The present summary gives an overview of porous silicon nanowires including synthesis, formation mechanism, elelctrical and optical properites as well as their potential applications in diverse areas including photocatalysis, lithium ion battery, gas sensor and drug delivery. The synthesis of porous silicon nanowires is facile, predictable, controllable and scalable. The research to date has already stimulated significant interest for both fundamental investigations as well as potential technological applications. With the increasing interest from the scientific and technological community, the porous silicon nanowires with well defined nanostructures may offer exciting potential in variety of directions including nanoscale optoelectronics (e.g. light-emitting diodes), energy (e.g. as an alternative silicon electrode for photoelectrochemical devices and supercapacitors, for application in silicon-based photovoltaic devices), and medecine (e.g. drug delivery, fluorescent biolabeling tag, and chemical and biological sensors).

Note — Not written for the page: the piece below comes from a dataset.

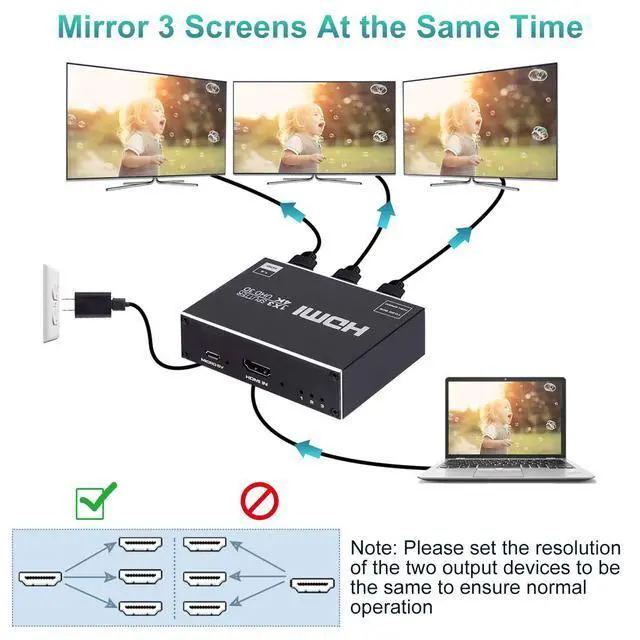 2. HDMI splitter distributes the picture according to the lowest resolution standard.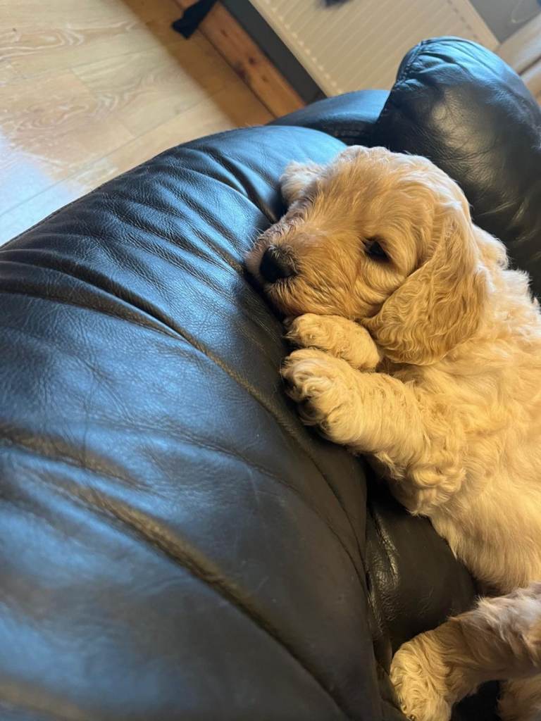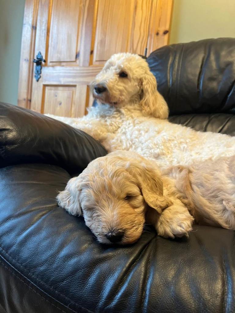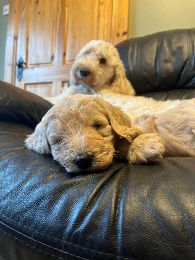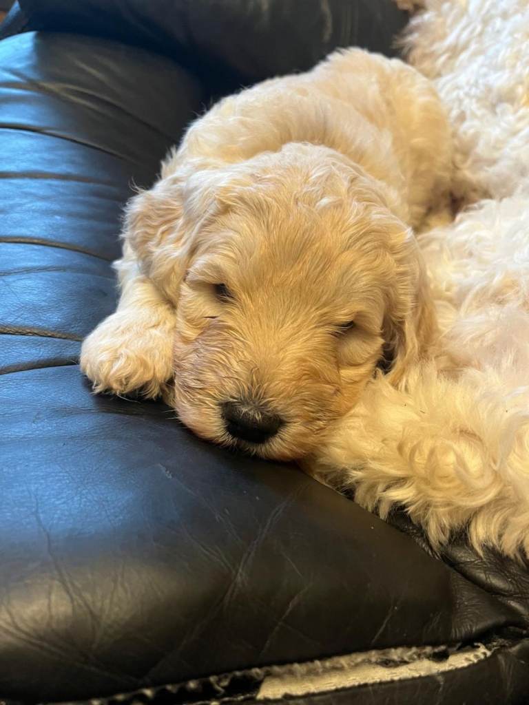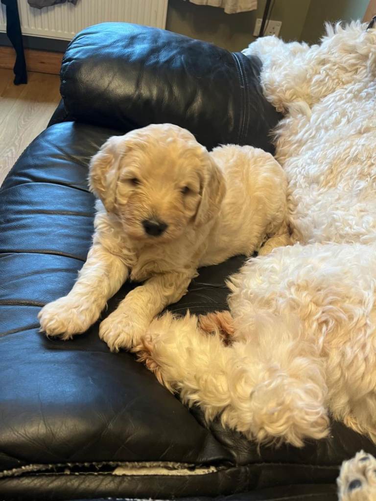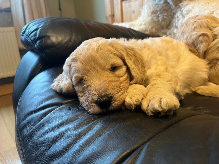 Our much loved goldendoodle bitch Meadow was carefully matched with a fully health tested purebreed poodle, resulting in a healthy happy litter of 5 puppies 3 male 2 female.

Although significant advancements have been made in both synthesis and applications of porous silicon nanowires, there are still several fundamental challenges for future applications. First, the mechansim of pore formation is still not fully understood. Further investigation of the growth mechansim will help improve the geometric structures of porous silicon nanowires with specific chemical and physical properties. Developing methods to rationally control the intrinsic porous characteristics of the porous silicon nanowires inlcuding pore size distribution and pore density is highly desirable for specific applications. The current synthesis approaches generally result in porous nanowires with a wide pore size distribution ranging from 2 nm to 20 nm. Narrow pore size distribution and controllable pore depth are important attributes for many applications such as catalysis and drug delivery. For example, for the drug delivery system discussed above, the cargo loading capacity in porous silicon nanorods is 5 times lower than that of mesoporous MCM-41 with pore size at 2.2 nm since the nanovalve only blocks small pores of porous silicon nanowires.51,61 Second, the surface chemistry of porous silicon nanowire remains largely unexplored. Rich surface chemistry can be explored on both silicon and silicon oxide, which can lead to imporant new functions on silicon surface for potential applications in the areas of sensors and biological systems. Passivation of the surface of porous silicon nanowires is also desired for some specific applications. For an example, the formation of native silicon oxide layer on the surface of porous silicon nanowires can block charge transportation and suppress the efficiency of solar energy conversion, which can be mitigated through proper surface passivation process. Surface passivation can also improve the stability of porous silicon nanowires in the biological systems and the harsh electrochemical solution in photocatalytic process. Third, future applications require a thorough understanding of the chemical and physical properties of porous silicon nanowires synthesized from both n- and p-type Si wafers with different dopants, doping levels and crystallographic orientations. Especially, optical and electric properties of porous silicon nanowire have only been studied on several types of silicon wafers. A systematic investigation will be desirable for future applications.